演題番号 : P91-1
Uterine carcinosarcoma (CS) is a highly malignant neoplasm known in connection with poor prognosis. Prognostic factors as well as solid therapeutic procedures have not been established, therefore novel therapeutic target must urgently be developed. We reported that Imp3 confers malignant phenotype and tumorigenesis in vitro and in vivo using mouse sarcoma model (Ueki et al, PlosOne, 2012). IMP3 is considered as an oncofetal protein and suggested as a prognostic marker in various human malignancies. Here we investigated IMP3 expression in human CS and correlation with the clinical outcome. Furthermore, we tried to clarify molecular functions of IMP3.
Tumor specimens from 21 patients with CS in Keio University Hospital were used for the study with informed concent. We evaluated the expression and clinicopathologic significance of IMP3 based on immunohistochemical analyses. Our previous study with epigenetic modifiers such as DNMT1 or HDAC inhibitor revealed that the up-regulation of Imp3 was at least partially attributable to epigenetic regulation. We further evaluated epigenetic histone modification in CS, and analyzed correlation between IMP3 expression and the clinical outcome.

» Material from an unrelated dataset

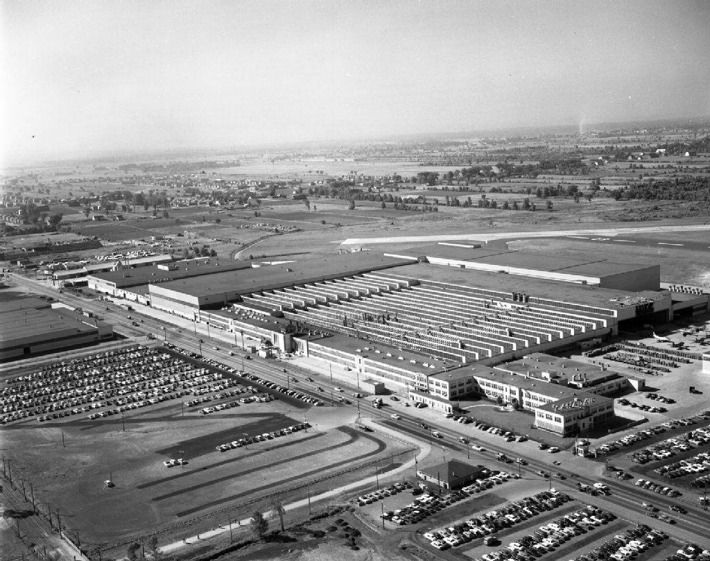 Vue aérienne sur l'usine Canadair situé sur l'aéroport de Cartierville, Ville Saint-Laurent, île de Montréal
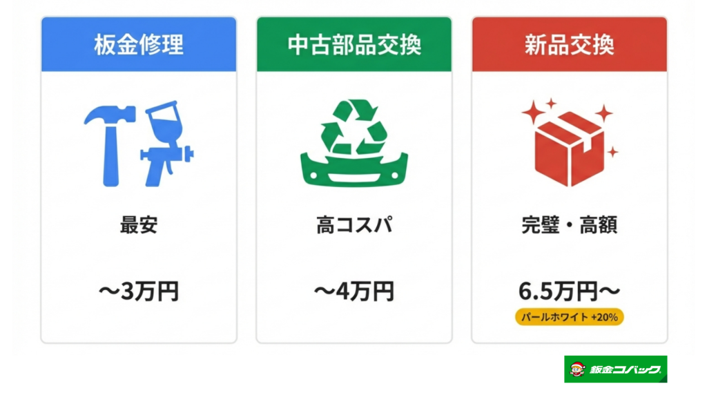 私の経験則では、修理見積もりが「新品バンパー価格の7割」を超えたら、交換を検討すべきタイミングです。

There was significant correlation between IMP3 expression and overall survival in CS (p<0.05). Carcinomatous components in CS were related to the clinical outcome, while sarcomatous components did not. Histone modification status was correlated to the IMP3 expression and considered as an independent prognostic factor in CS (p<0.05). These findings suggested that IMP3 expression correlates to histone modification in CS.
IMP3 expression might be a new prognostic factor in uterine CS. IMP3 is expected as a novel cancer-specific therapeutic target to CS as an oncofetal protein. In addition, IMP3 confers epigenetic histone modification. To clarify further mechanical regulation on IMP3 leads to the establishment of new therapeutic strategies to CS.